As was her custom, Isabel Puente made an entrance.
“Leo, how are you? I brought you a gift.”
“La cubanamericana has arrived! A gift?”
“For intellectual self-improvement.”
She advanced with lithe, sure-footed strides, grinning playfully. She had her hair pulled back today like a flamenco dancer, bringing out the feline bone structure, the wide-set eyes. She was diminutive, athletically well proportioned, wearing a snug gold turtleneck and matching corduroy pants. The belt holster peeking out of her down vest was empty; U.S. agents were forbidden to carry firearms on Mexican soil. But Méndez suspected that she was packing her second gun, a short-barreled automatic, in one of her knee-high suede boots or the bag over her shoulder.
As always, he found the greeting awkward. With his male counterparts from U.S. law enforcement, who like Puente were mostly Latinos with cross-border liaison duties, Méndez generally exchanged the standard ritualistic abrazo complete with two-handed back slap. That didn’t seem appropriate with Puente. They shook hands over the desk. She leaned forward for a hesitant peck on the cheek, her demure look softening her self-assuredness.
But she recovered quickly, pulling a book from her bag and brandishing it at him.
“Here,” she said. “This is for you. This is about you.”
The book was entitled Manual of the Perfect Latin American Idiot.
“Ay, how thoughtful,” he laughed. “The bible of the neoliberal right, no? They decided the calamities of Latin America are the fault of the left.
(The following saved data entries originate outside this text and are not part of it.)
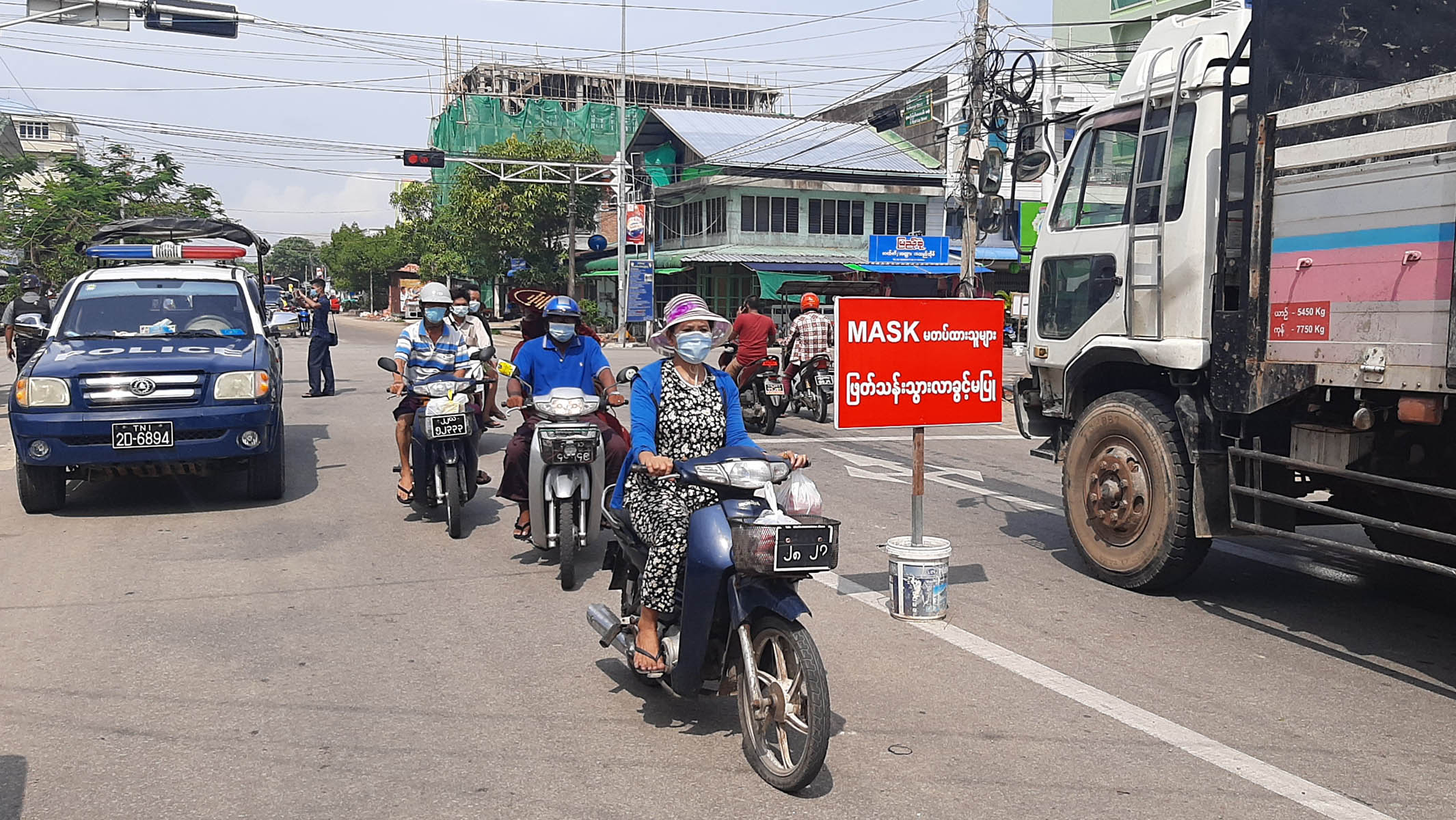 ကိုဗစ်-၁၉ ကာကွယ်ထိန်းချုပ်ရေးအတွက် ယနေ့ နံနက်ပိုင်းက အသွားအလာများသည့် နေရာ လေးနေရာတွင် နှာခေါင်းစည်း မတပ်ဆင်ထားသူများကို စစ်ဆေးရေးအဖွဲ့များက သွားလာခွင့်မပြုဘဲ ပညာပေး၍ လှည့်ပြန်စေကာ နှာခေါင်းစည်း ပြန်လည်တပ်ဆင်စေလျက်ရှိသည်။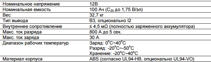 Номинальное напряжение АБ, В | 12 |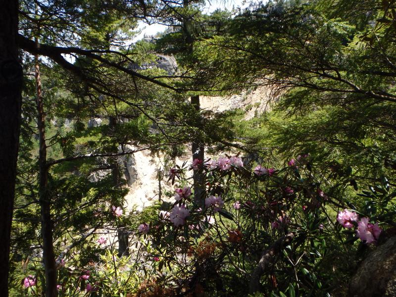7Pの登りだし、シャクナゲの咲くテラスは、右正面から登るのを誤って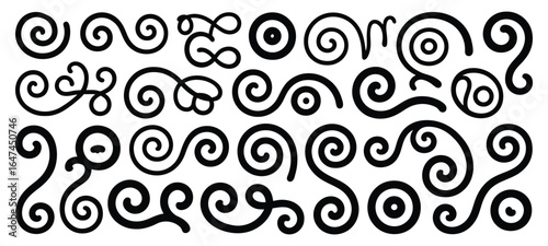 Vector art of collection of elegant swirl designs isolated on white background, featuring various patterns and shapes for decorative elements and graphic illustrations, perfect for adding a vintage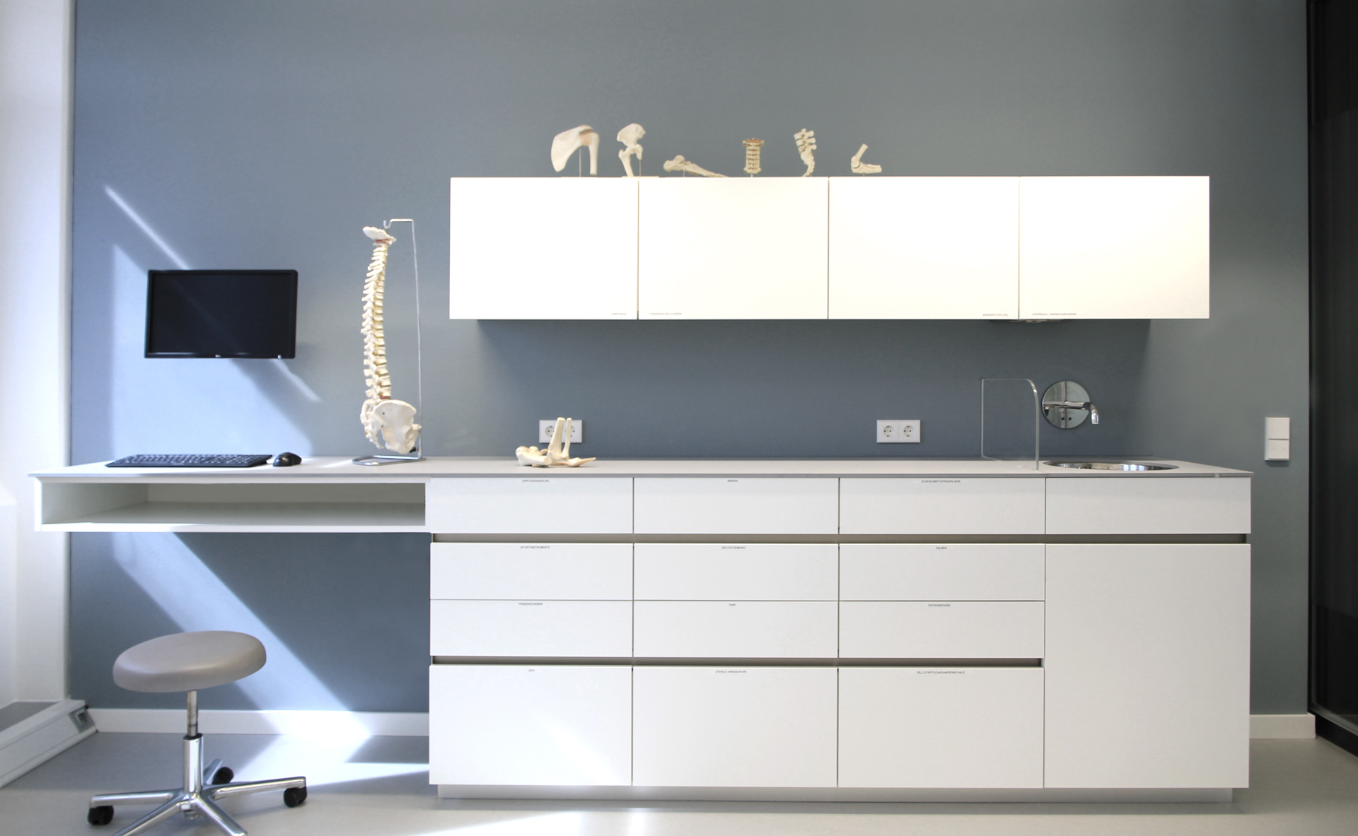 Erreicht wurde dies durch punktuelle Maßnahmen wie die Teilung des langen Flures in den Behandlungs- und OP-Bereich und der Ausbildung eines Knotenpunkts mit Empfang und Wartebereich. Die geschwungenen Elemente wie Tresen und Wand sind nicht nur eine klare Wegführung für den Patienten, sondern auch Gestaltungselemente, die den Raum prägen und individualisieren. Die offene Raumstruktur beim Empfang, mit nicht raumhohen Trennwänden und transparenter Wand hin zum Wartebereich, verschaffen einen schnellen Überblick beim Eintreten.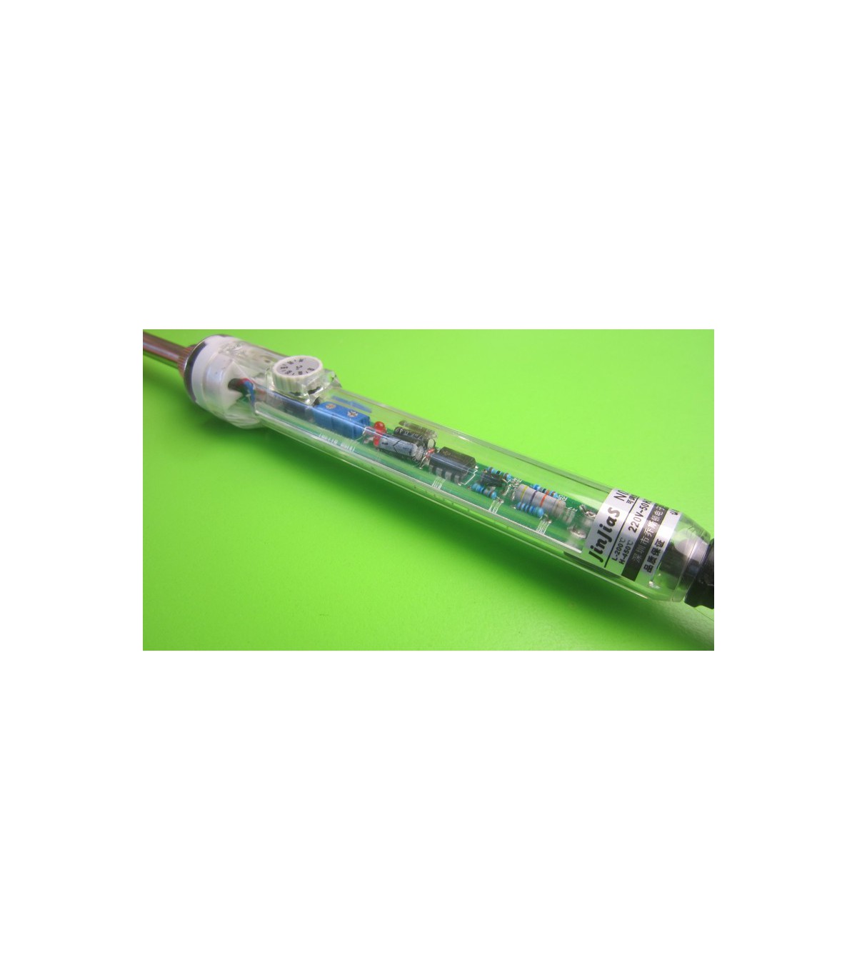 Паяльник 60 Вт с регулировкой температуры 907 (GJ907). Жало паяльника при необходимости можно заземлить. Т.к. развязки с сетевым напряжением нет и от наводок можно убить при пайке полевые транзисторы, микросхемы и другие чувствительные элементы. Для заземления, из паяльника выходит провод с зажимом. Вилка питания - китайская, в комплекте переходник. Паяльник снабжен регулятором температуры, которая регулируется в пределах от 200 до 450 °C. Если горит светодиод - то паяльник в процессе нагрева. После того, как набрана нужная температура - светодиод гаснет. Судя по схеме здесь используется именно обратная связь по термопаре, а не просто регулировка мощности, что является несомненным плюсом недорогого паяльника. Жало у паяльника съемное, необгораемое. Жало не совместимо с 900-ми. Они разные и по длине и по диаметру. От нагревателя выходит 4 провода: два провода для термодатчика и два провода для нагревательного элемента. С одной стороны наличие термодатчика это плюс, но с другой стороны что он расположен в самом нагревателе - это минус, т.к. будет инерционность и задержка срабатывания включения нагрева. Сопротивление нагревательного элемента 890 Ом (два белых провода). Сопротивление термодатчика при комнатной температуре (красный и синий провод): ~4 Ом. Напряжение на нагревательном элементе 220В. Плата управления. Операционник IC2: HA17358 (LM358). Для управления нагревательным элементом служит симистор MAC97A8. В этом паяльнике присутствует два подстроечника VT1 и VT2. Один задает верхний диапазон температуры, второй нижний. Как видно из схемы, никаких дефицитных деталей нет, SMD также не используется и в случае выхода из строя можно заменить перегоревшую деталь. Вообще, в плане ремонтнопригодности паяльник тоже достаточно хорош, т.к. и в плате можно что-то заменить, и сам нагреватель и жала свободно продаются. Технические характеристики Мощность: 60Вт Температура: 200...450°C Входное напряжение: 220...240В Сопротивление изоляции: 100MΩ Длина: 240мм * поставляется паяльник в прозрачной упаковке.

What a surprise.”
“It’s a classic,” Puente said. Her accent in Spanish retained the sugar-mouthed and staccato rhythms of Cuban South Florida. But she was agile enough to mimic the expressions and drawl of the border. “You’ve got an image problem with my bosses at the task force. They think you’re a Communist anti-American. But an honest Communist anti-American, if there is such a thing.”
“Their worst nightmare, eh? What I want to know is, why do you hang out with me, then?”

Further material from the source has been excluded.